While those cases exist, it's also rarely necessary to track the used label names. However, once you are in a situation where you want to delete metric children, you have to know them by their full label set. You cannot just say "delete all children with tenant="42" plus an unknown set of other labels. (Cortex instrumentation recently ran into this problem when a tenant gets deleted entirely, and all the metrics related to it should disappear.) This is essentially seeing the labeled metric children arranged in a tree in which you want to prune one whole branch.

Work-arounds include:

Separately track the used label names to allow deletion in the current way (with a full label set). (Which is kind of what Cortex is doing in the case above, but it is brittle: if another label is added somewhere in the code, it could be easily missed in the deletion code.)
Very hacky and weird: Call Collect on the vector and then Write on the collected Metric instances. Then look at the resulting protobuf message to find the metric children to delete.
Probably the most elegant with the current feature set: Have separate vectors for all the collectors for a single tenant, with the tenant label as a ConstLabel. Those collectors can then be separately registered and de-registered upon creation and removal of a tenant.

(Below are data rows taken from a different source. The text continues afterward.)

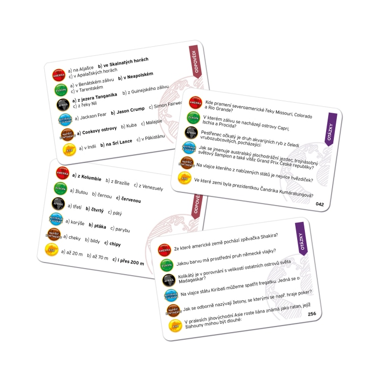 V této vědomostní hře najdete 2400 otázek týkajících se planety Země a jejích obyvatel. Otázky jsou rozděleny do 6 okruhů podle jednotlivých kontinentů: Evropa, Asie, Afrika, Severní a Jižní Amerika, Austrálie a Oceánie a kategorie Napříč kontinenty.
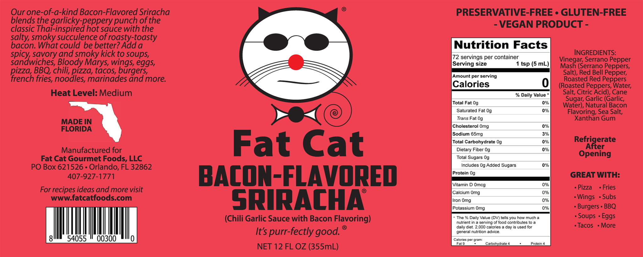 • Bacon-Flavored Sriracha Chili Garlic Sauce with Bacon Flavoring (Vegan) - Fat Cat Gourmet Hot Sauce & Specialty Condiments
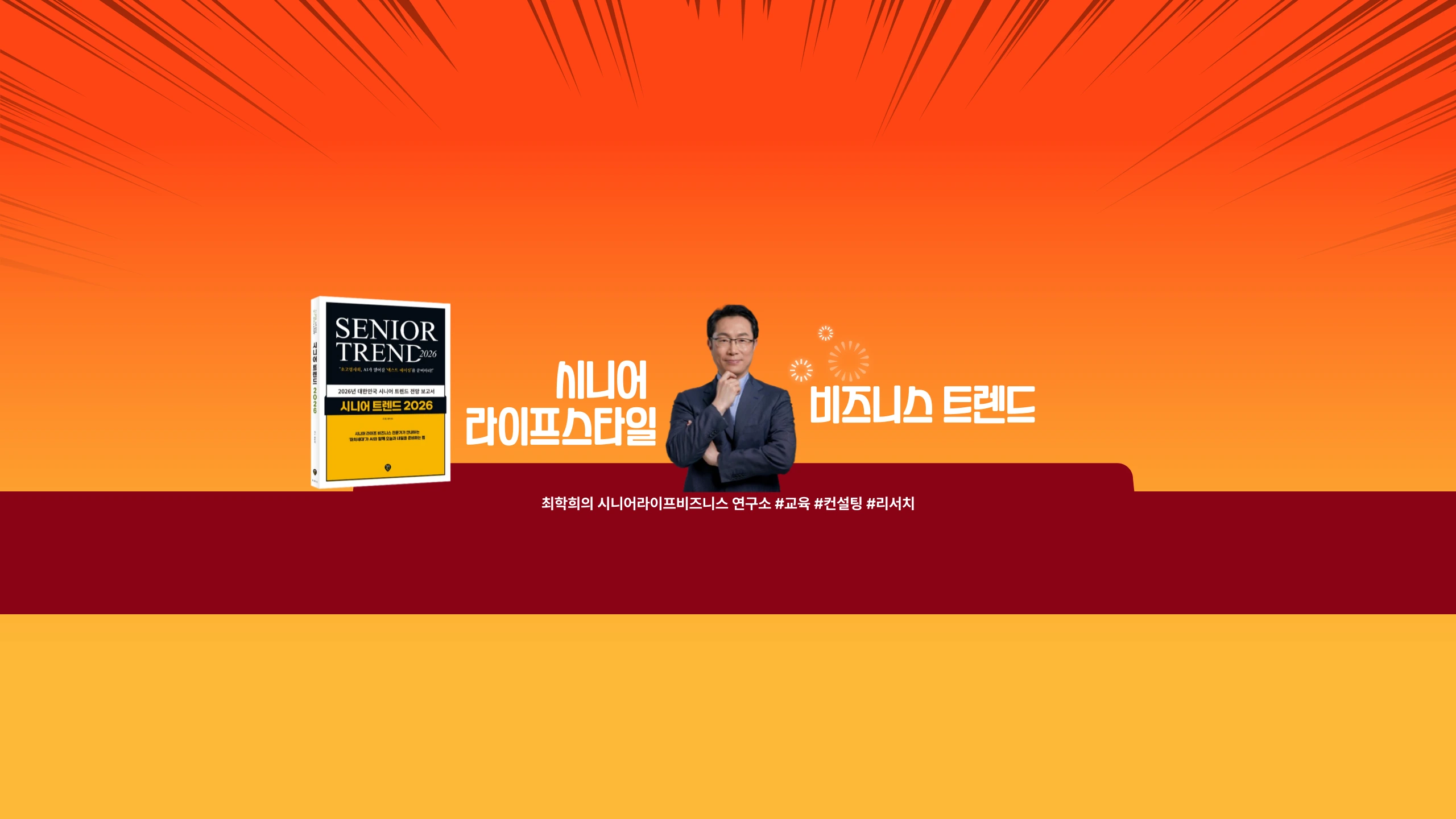 📘 신간 | 『시니어트렌드2026』 – 인공지능 시대, 1,700만 베이비붐세대를 위한 라이프·비즈니스 전략. 📘 신간 | 『현명한 사람은 왜 신탁을 선택할까? 』 – 신탁 아카데미 시니어라이프비즈니스 SLB 채널은 TPC(Time·Place·Cashflow) 프레임으로 시니어 라이프스타일 × 비즈니스 트렌드를 읽고, 바로 적용 가능한 체크리스트와 사례를 제공합니다. 🔔 구독하고 최신 인사이트 받기 → https://www.youtube.com/channel/UCloVLmbFoDTtThPmU-OCISQ 🎓 교육·컨설팅(기업/기관/단체) 교육/강연: 『시니어트렌드2026』 특강, AI 은퇴설계 Lab(10회 워크숍), 시니어 마케팅(TPC), AgeTech·AI 리터러시, 시니어신규사업개발(NBD) 컨설팅/프로젝트: 시니어 시장 전략, 상품·서비스/커뮤니티 설계, 리서치 모더레이션, 신탁·금융노년학 적용 B2B 협업·스폰서십: 레지던스·돌봄·여행(노마드 번들)·금융

Note that it is not possible to use vector currying and then call Reset an a curried vector because Reset always acts on the underlying vector as a whole.

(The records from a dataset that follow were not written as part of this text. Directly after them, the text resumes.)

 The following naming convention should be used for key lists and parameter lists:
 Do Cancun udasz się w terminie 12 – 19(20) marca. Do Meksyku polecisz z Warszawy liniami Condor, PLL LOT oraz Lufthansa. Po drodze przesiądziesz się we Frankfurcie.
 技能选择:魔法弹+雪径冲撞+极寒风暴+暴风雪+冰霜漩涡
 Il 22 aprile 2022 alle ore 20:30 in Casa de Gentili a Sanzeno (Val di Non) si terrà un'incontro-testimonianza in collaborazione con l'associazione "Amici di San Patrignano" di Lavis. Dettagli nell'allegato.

I assume the use case, while legitimate, is still fairly niche, so I would like to avoid adding yet another method (like DeletePartiallyMatching(labels)) to the already quite fat method set of vectors. In hindsight, applying the currying to Reset would have been a good way to enable this use-case, but now it's too late to change the behavior. Similarly, Delete(labels) could have been implemented to work on a partial match. Most users probably wouldn't mind to change the behavior now, but given that github.com/prometheus/client_golang/prometheus is in the top30 of most used Go packages, there are probably a few users around who rely on the current behavior in some weird usage pattern. I was wondering if it would be a good idea to introduce some "wildcard" pattern, similar to the ... we have already used in Alertmanager grouping so that you could write something like myVec.Delete(prometheus.Labels{"tenant": "42", "...": ""}). (The label value of the ... pseudo label wouldn't matter.) It's a bit arcane, but it is for a niche use case after all. It should also be noted that the current deletion is optimized to be fast, while the deletion by partial match will require a full scan through all metric children (which could become a problem in those rare cases where a vector has a lot of children).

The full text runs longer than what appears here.